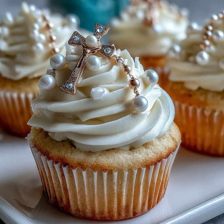 I'll never forget the moment I placed the first batch on the dessert table and watched a seven-year-old notice the tiny cross on top before anything else. Her eyes went wide, and she whispered it to her friend like she'd discovered treasure. That's when I realized these cupcakes weren't just dessert—they were little edible symbols of something meaningful, and baking them suddenly felt like participating in something bigger than just making sweets.
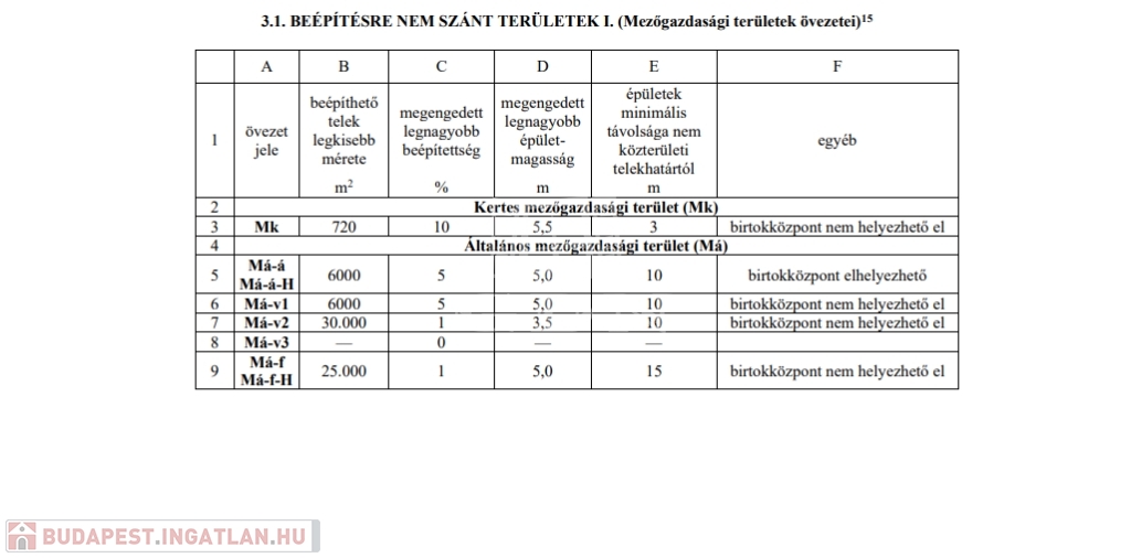 Má-á, azaz általános mezőgazdasági övezetbe tartozik, csak 6000 m2-nél nagyobb terület beépíthető 5%-ban.
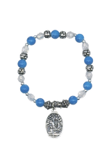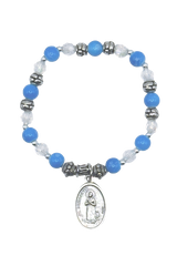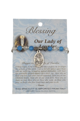 This bracelet features bright blue beads, iridescent crystal beads, silver beads and a silver-toned, two-sided Our Lady of Lourdes Charm. Bracelet includes an Our Lady of Lourdes prayer card.
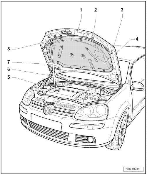 • Removing and Installing => [ Hood Hinge ] Service and Repair
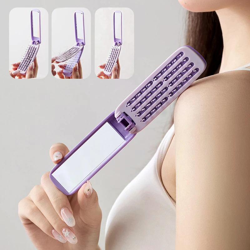 2 In 1 Foldable Comb With Mirror Hair Scalp Massage Comb Anti-Static Travel Air Cushion Styling Comb Suitable For All Hair Types
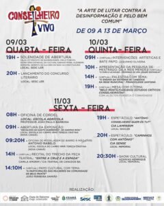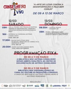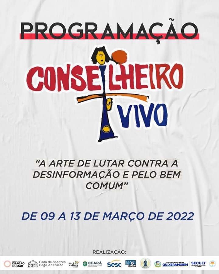 O Conselheiro Vivo 2022 começa nesta quarta-feira, 9 de março, e se estende até domingo, 13 de março, data do aniversário de 192 anos de Antônio Conselheiro, líder de Canudos. Ainda em decorrência da pandemia de Covid-19, a programação do evento será realizada de forma híbrida – presencial e com transmissões pela internet.

__________

*Instructions to follow*. Would you give the data above again word for word, skipping any images?

*Task response*.
 I'll never forget the moment I placed the first batch on the dessert table and watched a seven-year-old notice the tiny cross on top before anything else. Her eyes went wide, and she whispered it to her friend like she'd discovered treasure. That's when I realized these cupcakes weren't just dessert—they were little edible symbols of something meaningful, and baking them suddenly felt like participating in something bigger than just making sweets.
 Má-á, azaz általános mezőgazdasági övezetbe tartozik, csak 6000 m2-nél nagyobb terület beépíthető 5%-ban.
 This bracelet features bright blue beads, iridescent crystal beads, silver beads and a silver-toned, two-sided Our Lady of Lourdes Charm. Bracelet includes an Our Lady of Lourdes prayer card.
 • Removing and Installing => [ Hood Hinge ] Service and Repair
 2 In 1 Foldable Comb With Mirror Hair Scalp Massage Comb Anti-Static Travel Air Cushion Styling Comb Suitable For All Hair Types
 O Conselheiro Vivo 2022 começa nesta quarta-feira, 9 de março, e se estende até domingo, 13 de março, data do aniversário de 192 anos de Antônio Conselheiro, líder de Canudos. Ainda em decorrência da pandemia de Covid-19, a programação do evento será realizada de forma híbrida – presencial e com transmissões pela internet.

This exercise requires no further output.